The Court finds Waters v. United States instructive in this regard. There, when faced with whether the United States would be considered self-insured, the Delaware Supreme Court stated: "While the United States is not technically 'self-insured' under the requirements of 21 Del. C. § 2904, the United States is a financially responsible entity that provides its employees with financial security at least equivalent to the insurance contemplated by state law." Similarly, here, while the State ICO may not technically be self-insured under Section 2904, their judicial admissions of self-insurer status and indications that they function as a financially-responsible entity render them such in this case.
787 A.2d 71 (Del. 2001).
Id. at 73.
The Court pauses to note that litigation over this issue strains the Court's view of common sense. The State does not buy insurance policies so the negligence of their drivers or benefits paid under PIP are not covered by a third-party contract. By any rational and reasonable definition, the only conclusion one can make is that the State is self-insured. The State ICO cannot continue to use Section 2118 as both a sword and a shield when they feel it would be to their advantage. Surely, litigation over this issue should stop and a legislative clarification should be undertaken. Until then, the State should simply allow themselves to be treated like all other insurers and proceed to arbitration; an action that causes no harm to them.
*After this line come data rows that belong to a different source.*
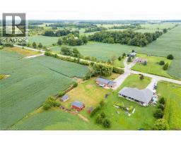 Beautifully presented, affordable country property located 10 minutes east of Simcoe’s desired amenities that include Hospital, pools/parks, modern shopping centers, fast food eateries & eclectic downtown shops - in route to the popular destination towns that dot Lake Erie’s Golden South Coast. Includes tastefully renovated brick bungalow positioned handsomely on 0.57 acre manicured lot, naturally hidden by mature cedar hedge row, boasting 200ft x-deep lot abutting acres of lush, fertile farm fields. Recently painted 340sf street facing, tiered entertainment deck provides access to 1045sf open concept main level highlighted with bright living room - segueing to large eat-in kitchen sporting ample cabinetry, new maple butcher block countertops, brush nickel hardware, tile back-splash, appliances & patio door walk-out to impressive 3-seasons sunroom enjoys walk-out to private 240sf rear deck overlooking panoramic rural vistas. Design continues with 3 sizeable East-wing bedrooms, updated 4pc bath & roomy corridor leading to attached 375sf drywalled/painted garage boasting roll-up garage door & walk-down basement staircase. New low maintenance laminate style flooring through-out main level compliments the freshly redecorated country themed décor with distinct flair. Large unspoiled 1045sf lower level is ready for personal finish - houses laundry station & dwelling’s mechanicals include n/gas furnace equipped with AC-2023, n/gas water heater, 100 amp hydro service, water softener/UV water purification system & water pump/pressure tank. 3 versatile sheds (8 x 10 + 14 x12 + 16 x 24 - includes hydro, concrete floor & roll-up door) are strategically situated in the rear yard providing desired storage options. Notable extras - metal roof-2022, baseboard/trim-2022, LED pot lights, crown moulded ceilings, vinyl clad windows, all appliances, excellent drilled water well, independent septic system, oversized aggregate driveway. This “Simcoe Sweetie” will not Disappoint! (id:61594)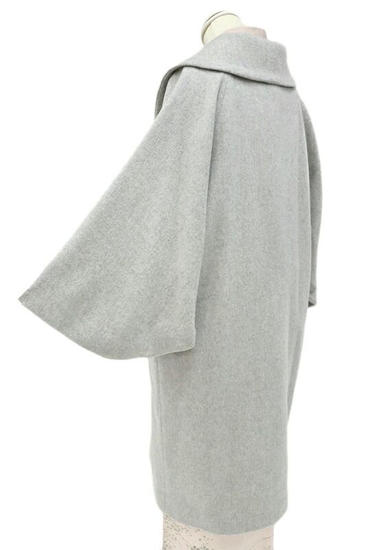 和装コート カシミヤ混 ライトグレー 長羽織 道中着 灰色 ロング丈 フリーサイズ へちま衿 くるみボタン 礼装用 訪問着 起毛仕 No.3-0223 GLOBALQUALITYIMPORTS_COM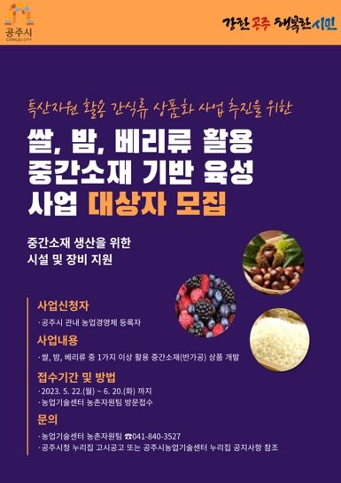 중간소재 기반 육성사업에 관한 자세한 사항은 공주시청 누리집의 고시공고 또는 공주시농업기술센터 누리집을 참고하면 된다.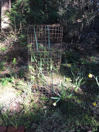 One of the joys of rhododendrons is that, unlike lilacs and (as I learned to my cost) hydrangeas, deer don’t snack on them. Or that’s the theory. Unfortunately last year this particular rhodo proved to be the exception to the rule, forcing me to put a cage around it to protect it. The cage clearly didn’t help, as it’s still looking pretty sad and there is no sign of any purple flowers this year.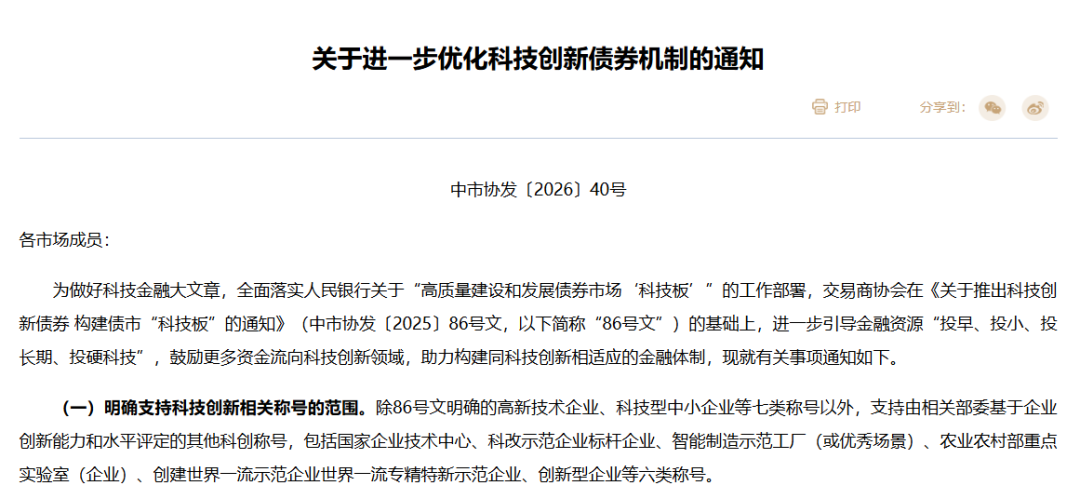 中国银行间市场交易商协会消息,为做好科技金融大文章,银行间市场于2025年5月7日推出科技创新债券,并取得阶段性成效。2026年3月2日,交易商协会发布关于进一步优化科技创新债券机制的通知。

Cf. Gov't Emples. Inc. Co. v. Kirkpatrick, 2011 WL 2570394, at *1, *4 (Del. Com. Pl. June 17, 2011) (noting that "[t]he State has conceded that it is a self-insured entity").
CONCLUSION
Accordingly, Plaintiff is bound by its admissions to this Court and will be held to its sworn statements, conferring self-insurer status. As a self-insurer, the State ICO must pursue its claims through the arbitration delineated in Section 2118. Because these claims must first be brought through arbitration, this Court lacks subject-matter jurisdiction over Plaintiff's claims. Therefore, for the aforementioned reasons, Defendant's Motion to Dismiss is hereby GRANTED.
Since the Court has granted the Motion to Dismiss on jurisdictional grounds, it need not address the alternate statute of limitations argument asserted by Defendant.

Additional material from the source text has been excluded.